我们提出了一个可解释的概率框架，通过将欺骗语音分解为概率属性嵌入来表征欺骗语音。与缺乏可解释性的原始高维对抗嵌入不同，本文提出的概率属性嵌入旨在检测通过高级属性及其对应值表示的特定语音合成器组件。我们使用这些概率嵌入与四个分类器后端来解决两个下游任务：欺骗检测和欺骗攻击归因。前者是众所周知的虚假欺骗检测任务，而后者试图识别欺骗话语的源方法（生成器）。此外，我们还使用Shapley值（一种在机器学习中广泛使用的技术）来量化每个任务中每个属性值对决策过程的相对贡献。在ASVspoof2019数据集上的结果证明了波形发生器、转换模型输出和输入在欺骗检测中的重要作用；以及欺骗攻击归因中的输入、说话人和持续时间建模。在检测任务中，概率属性嵌入达到99.7%的平衡精度和0.22%的等错误率（EER），与原始嵌入的99.9%的平衡精度和0.22%的EER非常接近。同样，在归因任务中，我们的嵌入实现了90.23%的平衡准确率和2.07%的EER，而原始嵌入的平衡准确率和EER分别为90.16%和2.11%。这些结果表明，所提出的框架既具有内在的可解释性，又能够实现与原始CM嵌入相当的性能。

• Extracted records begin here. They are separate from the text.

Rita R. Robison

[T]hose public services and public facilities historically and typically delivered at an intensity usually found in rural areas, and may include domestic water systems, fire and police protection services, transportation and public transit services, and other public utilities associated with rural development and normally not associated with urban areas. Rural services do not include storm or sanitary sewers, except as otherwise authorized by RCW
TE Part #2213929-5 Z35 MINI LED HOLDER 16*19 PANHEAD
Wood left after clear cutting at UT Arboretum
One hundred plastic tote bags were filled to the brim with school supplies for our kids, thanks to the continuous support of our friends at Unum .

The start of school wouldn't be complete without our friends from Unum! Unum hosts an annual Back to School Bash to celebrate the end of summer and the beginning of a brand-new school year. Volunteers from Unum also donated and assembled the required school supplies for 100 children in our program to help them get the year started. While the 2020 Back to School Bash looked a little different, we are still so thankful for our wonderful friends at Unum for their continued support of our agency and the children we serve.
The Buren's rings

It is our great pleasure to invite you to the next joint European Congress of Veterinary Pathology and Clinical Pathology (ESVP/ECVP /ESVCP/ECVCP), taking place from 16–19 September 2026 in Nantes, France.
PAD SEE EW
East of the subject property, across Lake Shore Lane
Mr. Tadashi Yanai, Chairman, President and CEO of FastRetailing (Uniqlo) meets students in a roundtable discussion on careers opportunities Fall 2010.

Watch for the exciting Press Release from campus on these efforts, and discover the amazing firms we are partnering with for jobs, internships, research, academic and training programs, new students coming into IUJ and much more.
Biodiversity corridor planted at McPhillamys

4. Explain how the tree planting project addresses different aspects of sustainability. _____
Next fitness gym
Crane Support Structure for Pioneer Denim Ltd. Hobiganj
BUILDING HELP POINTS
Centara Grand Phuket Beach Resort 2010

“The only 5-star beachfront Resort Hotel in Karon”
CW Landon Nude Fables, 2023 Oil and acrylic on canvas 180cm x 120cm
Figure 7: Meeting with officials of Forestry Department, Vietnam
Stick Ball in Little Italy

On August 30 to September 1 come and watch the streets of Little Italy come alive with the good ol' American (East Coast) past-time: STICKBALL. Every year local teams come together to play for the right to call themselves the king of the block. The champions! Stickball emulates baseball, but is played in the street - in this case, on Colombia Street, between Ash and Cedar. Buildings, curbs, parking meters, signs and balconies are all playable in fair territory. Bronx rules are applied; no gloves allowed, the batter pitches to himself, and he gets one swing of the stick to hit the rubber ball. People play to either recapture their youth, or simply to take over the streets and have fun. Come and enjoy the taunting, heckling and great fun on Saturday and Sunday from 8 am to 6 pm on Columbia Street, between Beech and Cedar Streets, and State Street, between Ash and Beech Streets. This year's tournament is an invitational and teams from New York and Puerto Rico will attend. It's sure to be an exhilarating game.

本文章由计算机程序翻译，如有差异，请以英文原文为准。

求助全文

约1分钟内获得全文求助全文

来源期刊

Computer Speech and Language 工程技术-计算机：人工智能

CiteScore

11.30

自引率

4.70%

发文量

审稿时长

22.9 weeks

期刊介绍： Computer Speech & Language publishes reports of original research related to the recognition, understanding, production, coding and mining of speech and language. The speech and language sciences have a long history, but it is only relatively recently that large-scale implementation of and experimentation with complex models of speech and language processing has become feasible. Such research is often carried out somewhat separately by practitioners of artificial intelligence, computer science, electronic engineering, information retrieval, linguistics, phonetics, or psychology.